Hopefully the last word on Mannygate

Hi All, my name is Gary Jacobs, and while Evan is sunning himself, foofoo umbrella drink in hand (GOD, I’m jealous), I’m filling in for him.
And, of course, it’s a great time to write about the Red Sox (my usual gig is to write about the farm team and the Boston Bruins ). The events of the past week have served, like any adversity that doesn’t prove deadly, to strengthen the team and gear it up for the stretch run. In fact in hindsight it could be said that this kind of thing was just what the team needed.
We’ve heard the expression “Manny being Manny” far too often lately, from the writers and talking heads around Boston, and even from Manny himself. That expression seems to connote a sort of hitting savant, who can knock the cover off the ball when he wants to (or hit a clutch single when he wants to) but whose fielding is — to be charitable — suspect, and his clubhouse behavior is baffling. That last contention is a critical error in thinking, and correcting it is a key to understanding and working with Manny.
Because it’s widely been written by those same scribes and TV types that Manny has a certain “childlike” quality about him, which I don’t disagree with in the slightest. However, people that are baffled by his behavior don’t extend that metaphor far enough.
Children are prone to pout. Children often say things that they mean right then but don’t mean in the long view. Children often are stung by reproach and need to feel loved and validated all the time.
So when Manny demanded to be traded, it should have been met with the same sort of gravitas as if he had said that he was going to hold his breath until he turns blue and dies, and won’t we be sorry then. And, for the most part, it was.
Children need to, from time to time, feel the rod of correction (to borrow a phrase from the Bible, a book which I admittedly have little more than a passing familiarity). #38 apparently took care of that when he reminded him from two inches away of the old bromide about playing for the name on the front of the uniform, not on the back. And, like most corrective behavior in children, it worked.
Terry Francona, I think, gets this more than most. What did he do? Why, he grounded him, that’s what he did. Because that’s what you do with a misbehaving child.
Whether the powers that be displayed the wisdom herein encapsulated or they just lost his temper with him and benched his ass, I don’t know. All I know is it seemed to work beyond anyone’s wildest dreams.

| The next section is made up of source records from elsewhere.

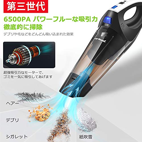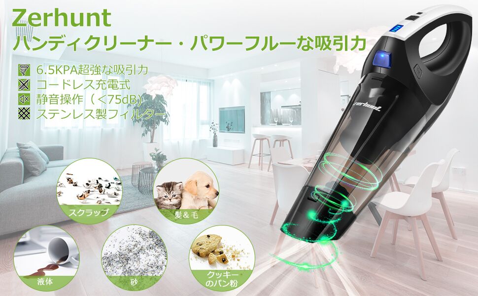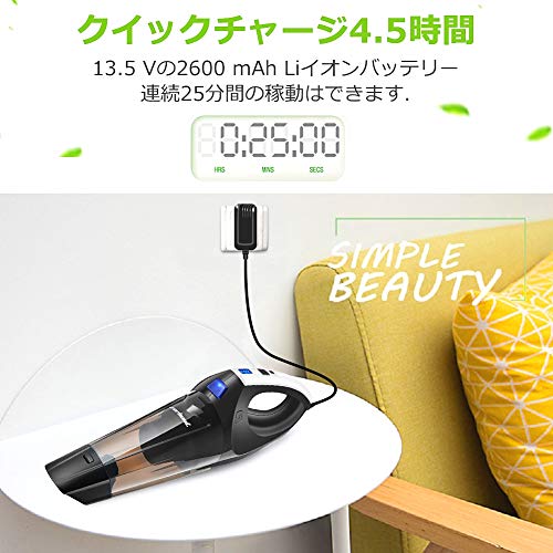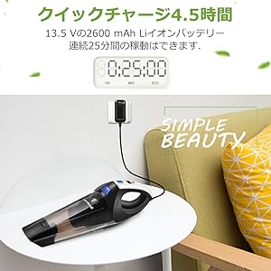 しかも、小型で軽量の充電式ハンディ掃除機であるため、満充電後、部屋中や車中に一気に清掃することができます 。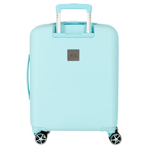 Size: 38x55x20cm (wheels and handle included). It has a capacity of 35L and weighs 2.5 kg. Made of ABS, a resistant and lightweight material. One zipped compartment with a pocket on one side and elastic bands on the other side. Four multi-directional swivel dual wheels for comfortable rolling, smooth rolling and effortless manoeuvrability. Side combination lock to travel securely and protect your personal belongings.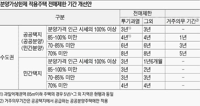 앞으로 수도권 분양가상한제 주택은 그린벨트 해지비율, 면적 등에 관계없이 분양 가격보다 저렴하게 공급되는 공공택지의 공공 및 민간 분양주택에 대해 분양계약 체결 후 3~8년 동안 전매를 할 수 없다. 공공분양주택의 경우는 최대 5년의 거주 의무 기간도 설정된다. 민간택지에 공급되는 분양가상한제 주택은 공공택지 공급주택 전매 제한 기간의 50%만 부과하고, 거주 의무는 없다. 또 공공분양주택을 분양받은 사람이 불가피하게 전매할 경우(예외 인정) 분양받은 주택은 사업시행자에게 되팔아야 한다.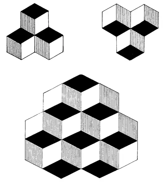 Figs. 17, 17a, and 17b.—How many blocks are there in this pile? Six or seven? Note the change in arrangement of the blocks as they change in number from six to seven. This change is illustrated in the text. Figs. 17a and 17b show the two phases of a group of any three of the blocks. The arrangement of a pyramid of six blocks seems the more stable and is usually first suggested; but hold the page inverted, and you will probably see the alternate arrangement (with, however, the black surfaces still forming the tops). And once knowing what to look for, you will very likely be able to see either arrangement, whether the diagram be held inverted or not. This method of viewing the figures upside down and in other positions is also suggested to bring out the changes indicated in Figs. 13, 13a, 13b, and in Figs. 15, 15a, 15b.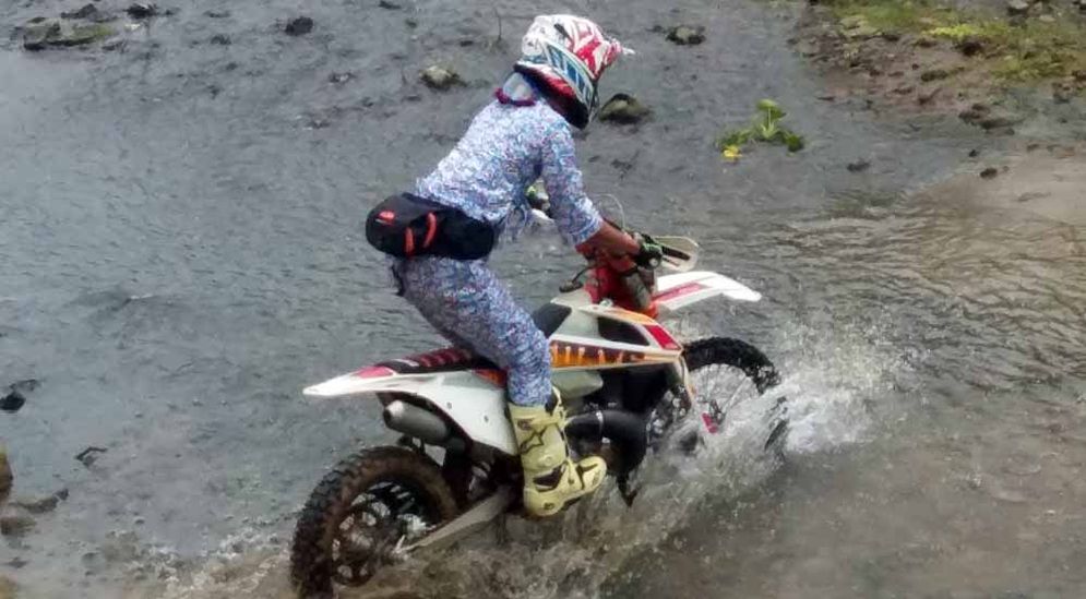 Ratusan sepeda motor itu meraung-raung menyusuri pinggiran sungai, menabras air hingga naik turun di medan ekstrem yang ada di sekitar Desa Kedungbendo. Beberapa dari mereka jatuh, tetapi segera bangkit lagi.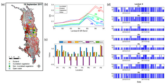 Point signatures and inundation dynamics of four land use classes over the study area. (a) Locations of eight points over the Landsat 8, 5-4-3 composite on 19 September 2017; (b) spectral signatures of the eight points extracted from Landsat 8 image; (c) index values of NDVI, EVI, NDWIGao, NDWIXu, and SAVI of the eight points extracted from the Landsat 8 image; and (d) the inundation time-series of the eight points (here, W is wet and D is dry). Here, P1 and P2 are inundated vegetation, P3 and P4 are dryland, P5 and P6 are noninundated vegetation, and P7 (river) and P8 (water body) are open water.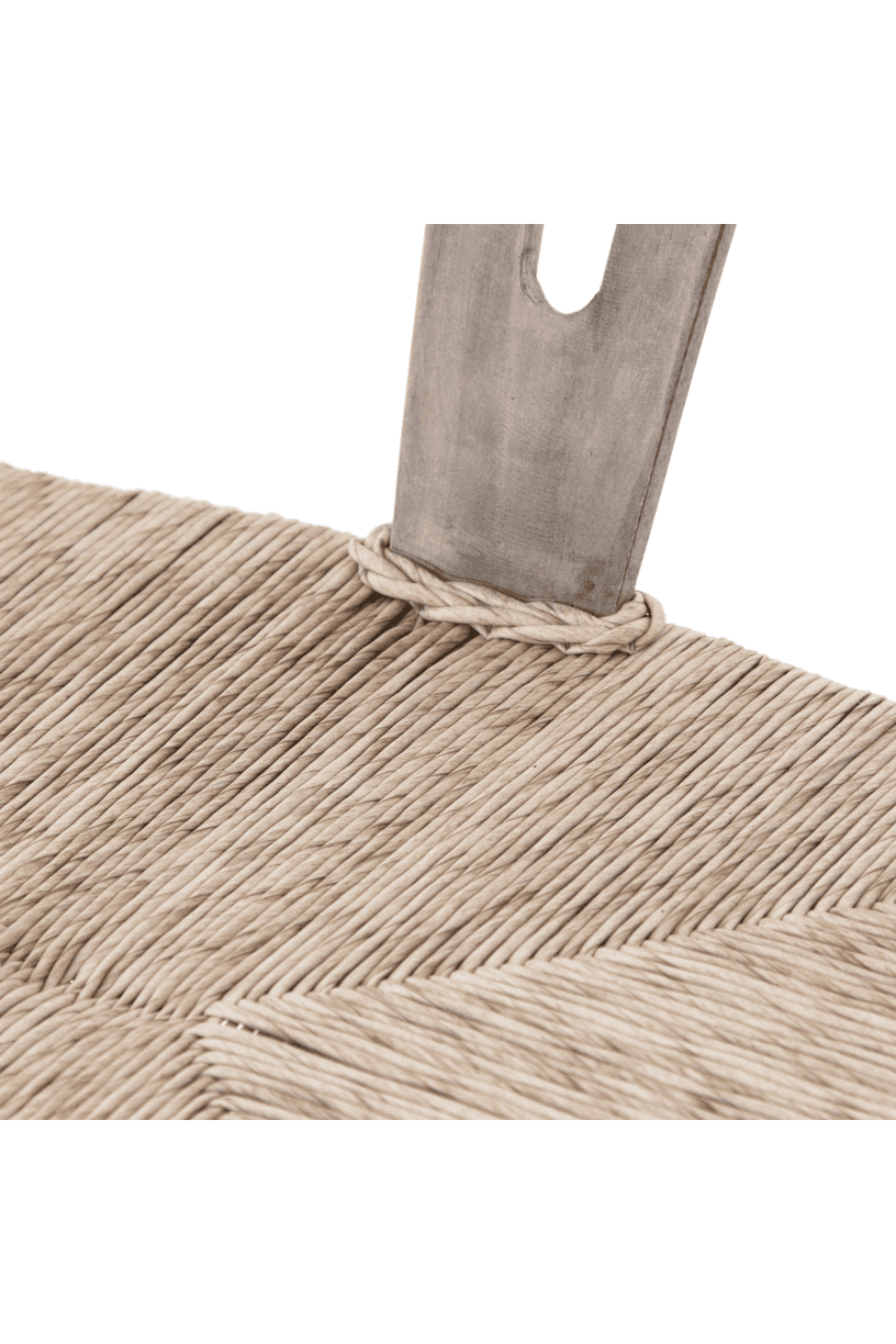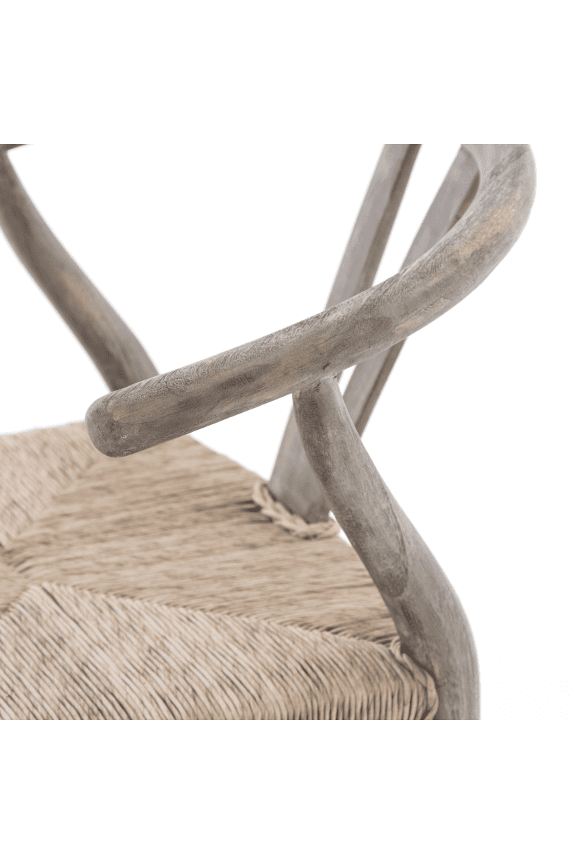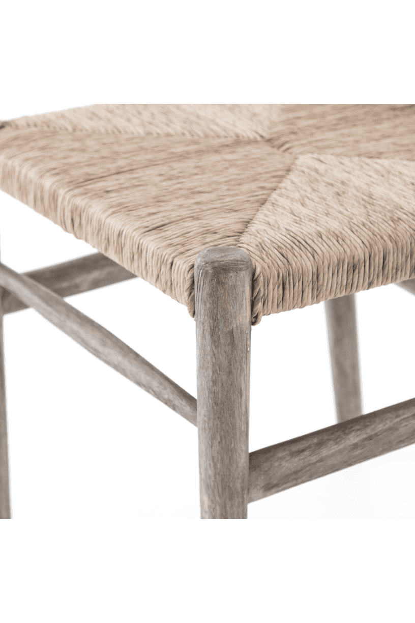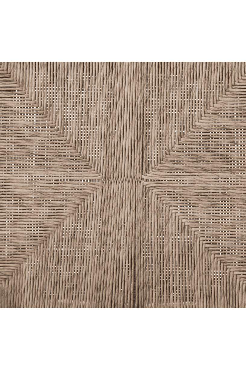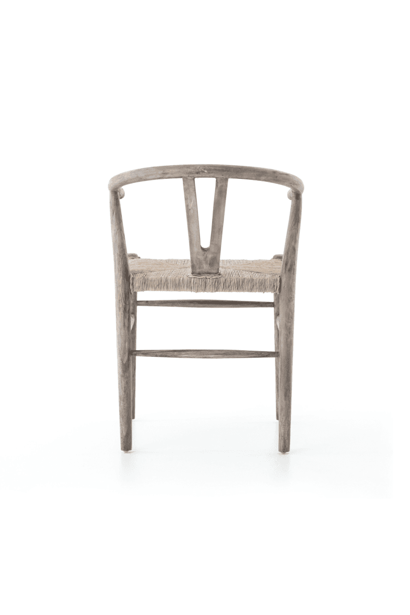 Meet the Muestra Dining Chair. Modern curves redefine the classic wishbone-style seating. Vintage white, all-weather wicker is woven for a dose of fresh texture against a neutral frame of natural teak. Cover or store indoors during inclement weather and when not in use.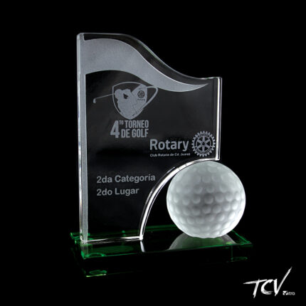 Trofeo de golf con preforma infinity door de inventario en la parte inferior y oblea de cristal con lente concavo en la parte posterior y grabado de pelota de tenis a traves de

Because just as a problem child can put a strain on a marriage, Manny’s troubles did indeed seem to upset the dynamic of the clubhouse (full disclosure: never having set foot in their clubhouse, that’s an outsider’s view). Now that Manny is once again pacified, it seems that not only has the clubhouse gotten back to where it was before, but I think that it has found its chemistry, its personality, and is far more ready for its stretch drive than it was a week ago.
Certainly other factors have contributed to that: Theo’s quiet dealings over the month of July have strengthened the club immeasurably (read: Hi, Graffanino, see you Bellhorn), the trade deadline is past so nobody is on pins and needles (the Boston Globe reported that Bill Mueller kept a packed suitcase with him all last week just in case). The PawSox have contributed Manny Delcarmen and Jon Papelbon (who is back down until the callups), and of course Curt’s back. But it does seem as if Mannygate (and the ensuing MannyMania in which we currently find ourselves) gave this team exactly what it needed. I feel comfortable about our ability to defend our title for the first time all year.
Incidentally, don’t misunderstand my observations about Manny as a knock on him: I love the guy. I’ve had the privilege of watching him up close his entire career (I lived in Cleveland when he started off there, and I moved back home the year he came here). You just have to know what you’re dealing with when you deal with him. Boston is reaping the benefits of that understanding and hopefully will all through October.